-------- Input for this task --------

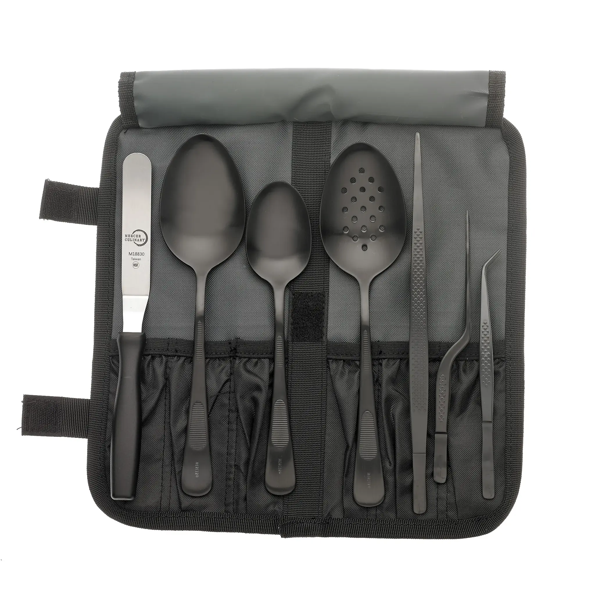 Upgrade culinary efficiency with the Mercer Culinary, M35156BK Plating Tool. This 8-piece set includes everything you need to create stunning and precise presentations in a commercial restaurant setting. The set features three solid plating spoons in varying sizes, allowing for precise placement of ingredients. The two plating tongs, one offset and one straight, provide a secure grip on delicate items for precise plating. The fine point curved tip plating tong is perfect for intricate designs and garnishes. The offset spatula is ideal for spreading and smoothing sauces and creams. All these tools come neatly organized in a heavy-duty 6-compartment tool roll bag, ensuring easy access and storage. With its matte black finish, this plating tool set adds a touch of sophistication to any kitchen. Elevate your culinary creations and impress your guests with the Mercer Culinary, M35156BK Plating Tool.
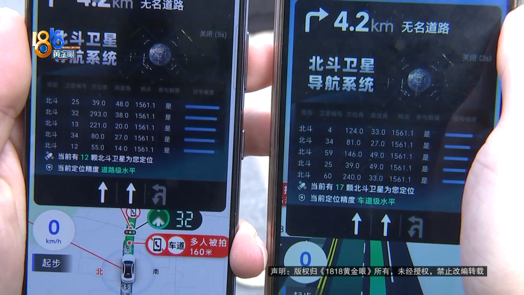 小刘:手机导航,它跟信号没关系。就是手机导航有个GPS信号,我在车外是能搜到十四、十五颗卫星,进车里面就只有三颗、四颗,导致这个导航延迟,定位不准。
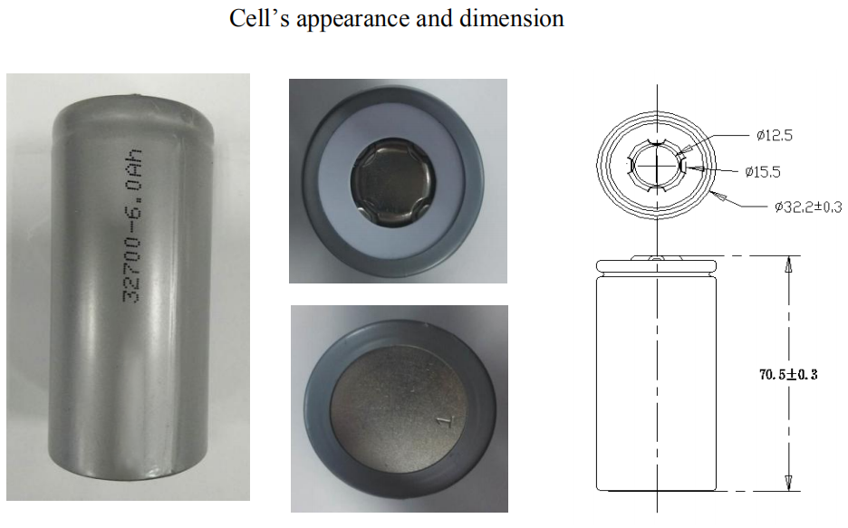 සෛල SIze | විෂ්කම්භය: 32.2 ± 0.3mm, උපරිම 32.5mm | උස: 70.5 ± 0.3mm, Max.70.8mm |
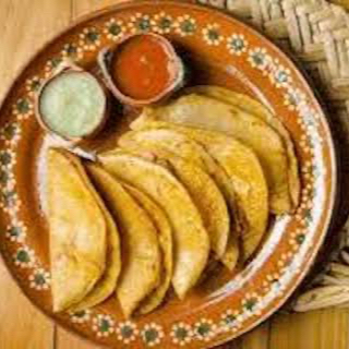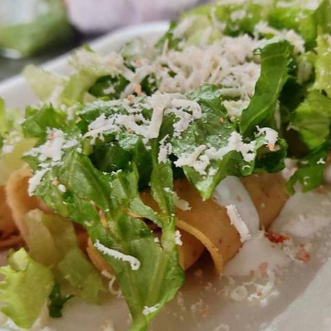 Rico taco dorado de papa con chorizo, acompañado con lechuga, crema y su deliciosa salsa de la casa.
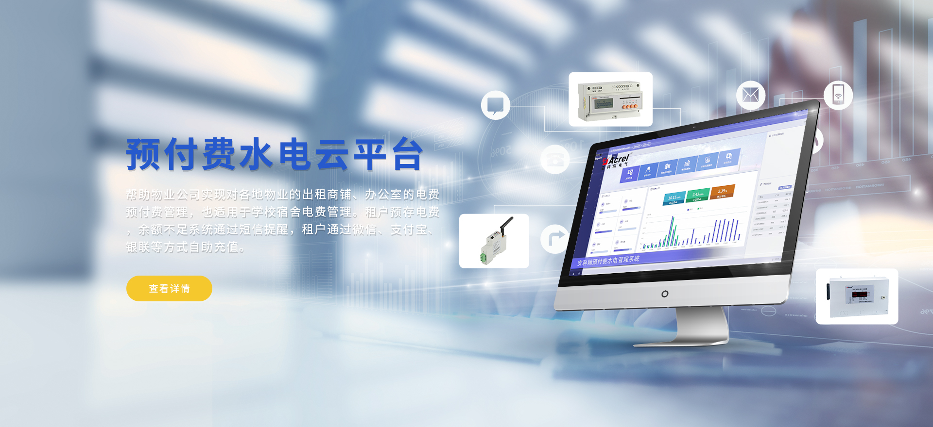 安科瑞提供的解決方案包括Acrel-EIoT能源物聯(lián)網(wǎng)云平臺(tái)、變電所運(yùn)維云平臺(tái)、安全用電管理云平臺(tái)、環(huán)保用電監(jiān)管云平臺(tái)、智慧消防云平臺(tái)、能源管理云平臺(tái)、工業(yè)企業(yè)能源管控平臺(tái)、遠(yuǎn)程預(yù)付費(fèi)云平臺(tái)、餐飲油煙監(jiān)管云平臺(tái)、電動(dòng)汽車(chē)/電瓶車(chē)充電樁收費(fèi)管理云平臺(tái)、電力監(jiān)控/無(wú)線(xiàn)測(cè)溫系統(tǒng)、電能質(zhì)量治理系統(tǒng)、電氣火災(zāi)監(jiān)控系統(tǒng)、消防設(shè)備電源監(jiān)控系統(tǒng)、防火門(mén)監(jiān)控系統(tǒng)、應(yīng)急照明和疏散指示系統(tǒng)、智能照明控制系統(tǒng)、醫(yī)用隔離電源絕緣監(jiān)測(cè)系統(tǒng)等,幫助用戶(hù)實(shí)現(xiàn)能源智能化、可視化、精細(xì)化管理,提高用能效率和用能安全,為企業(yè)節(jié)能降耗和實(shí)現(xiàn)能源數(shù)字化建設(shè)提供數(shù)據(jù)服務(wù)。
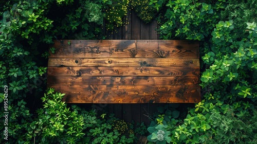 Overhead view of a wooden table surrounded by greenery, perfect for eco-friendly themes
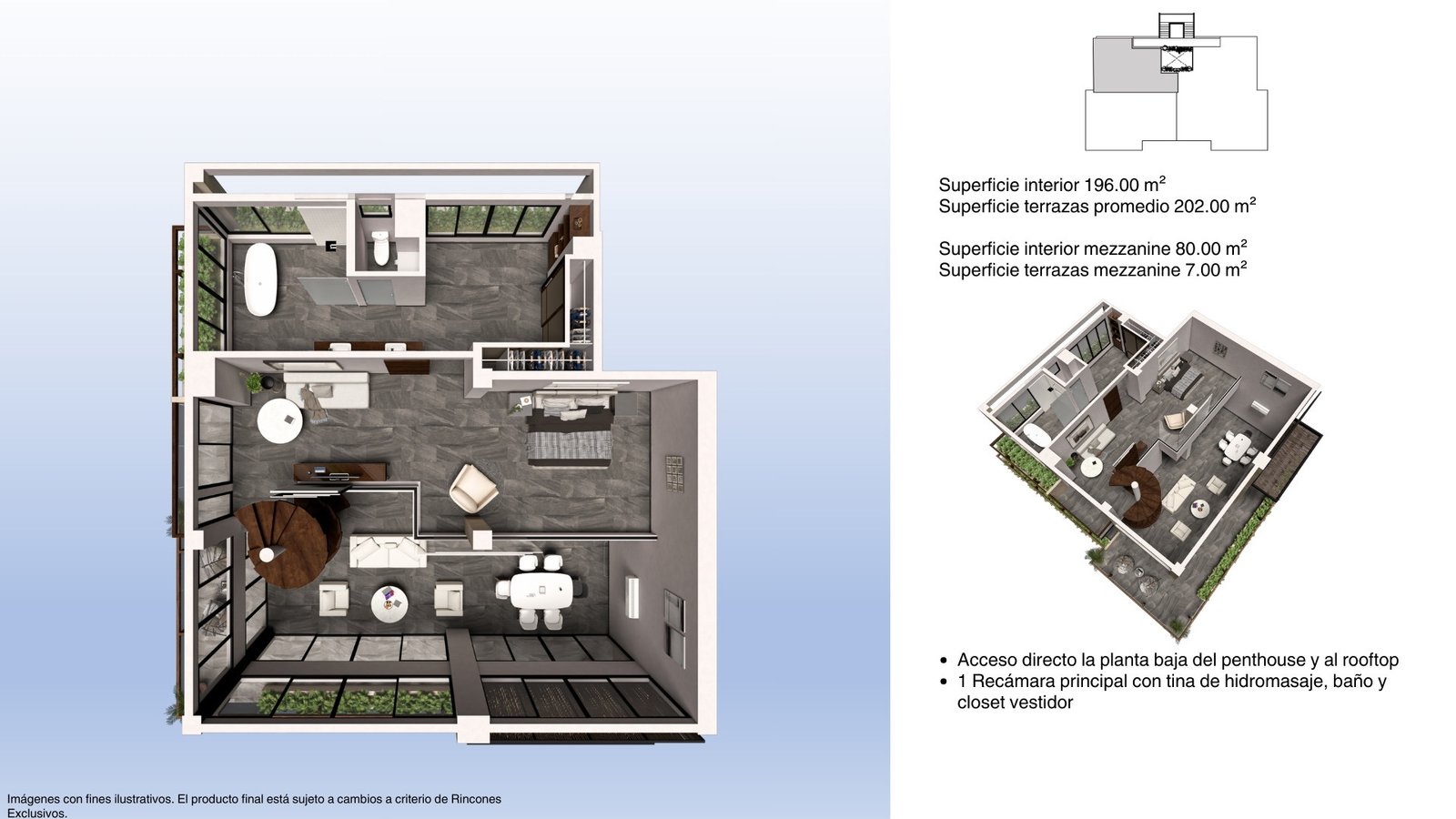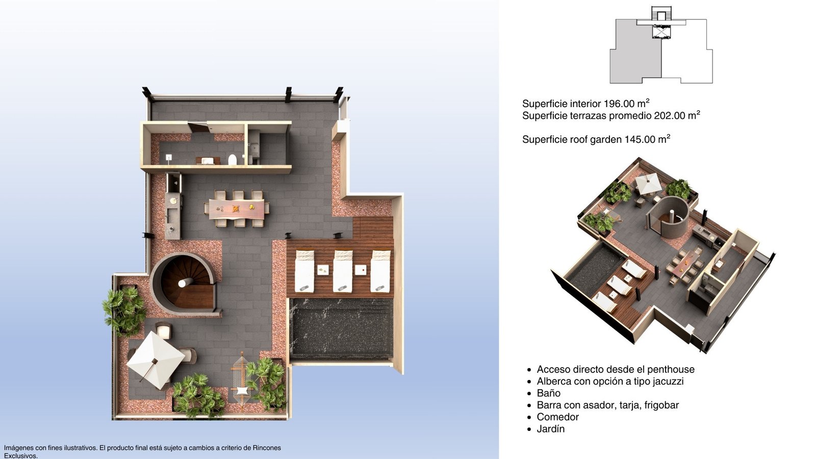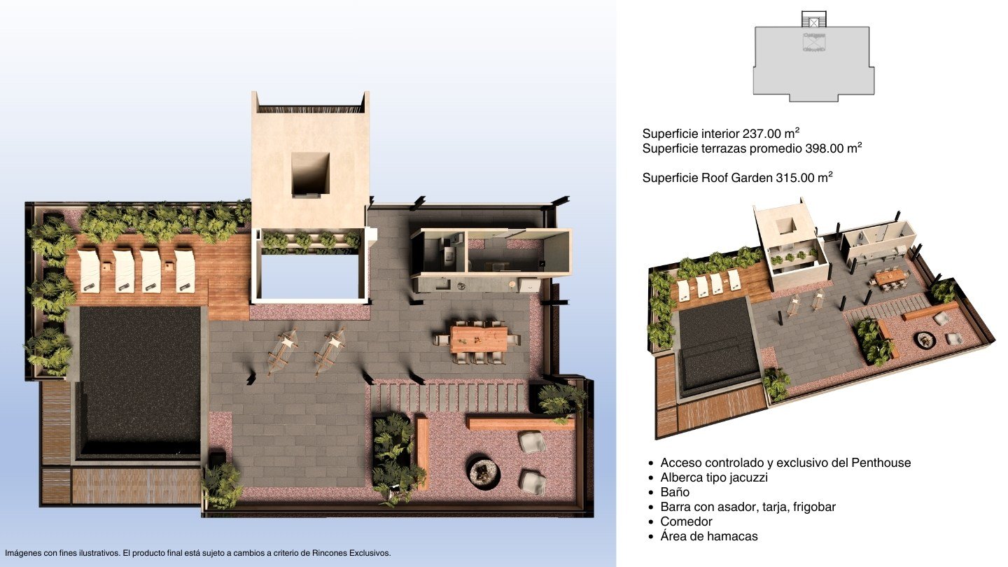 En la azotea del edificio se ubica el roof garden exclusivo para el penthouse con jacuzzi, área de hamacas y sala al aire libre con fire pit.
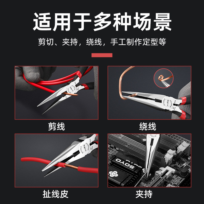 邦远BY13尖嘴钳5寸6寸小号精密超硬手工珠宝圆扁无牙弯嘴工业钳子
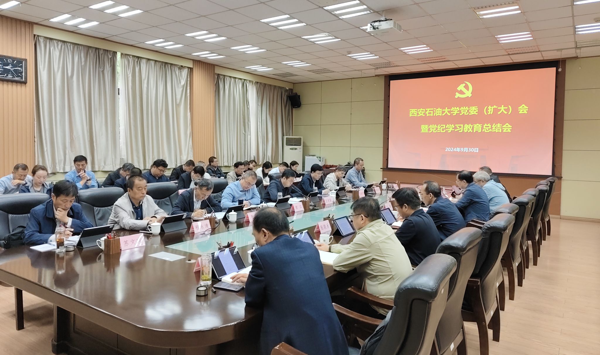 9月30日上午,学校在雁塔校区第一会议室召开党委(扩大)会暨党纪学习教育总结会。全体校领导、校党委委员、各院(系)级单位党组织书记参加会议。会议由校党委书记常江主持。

--------

Given the records above, return the lines starting at the one that holds "小刘:手机导航,它跟信号没关" and ending at the one that holds "Rico taco dorado", exactly, and nothing besides; leave every picture out.

*Worked solution:*
 小刘:手机导航,它跟信号没关系。就是手机导航有个GPS信号,我在车外是能搜到十四、十五颗卫星,进车里面就只有三颗、四颗,导致这个导航延迟,定位不准。
 සෛල SIze | විෂ්කම්භය: 32.2 ± 0.3mm, උපරිම 32.5mm | උස: 70.5 ± 0.3mm, Max.70.8mm |
 Rico taco dorado de papa con chorizo, acompañado con lechuga, crema y su deliciosa salsa de la casa.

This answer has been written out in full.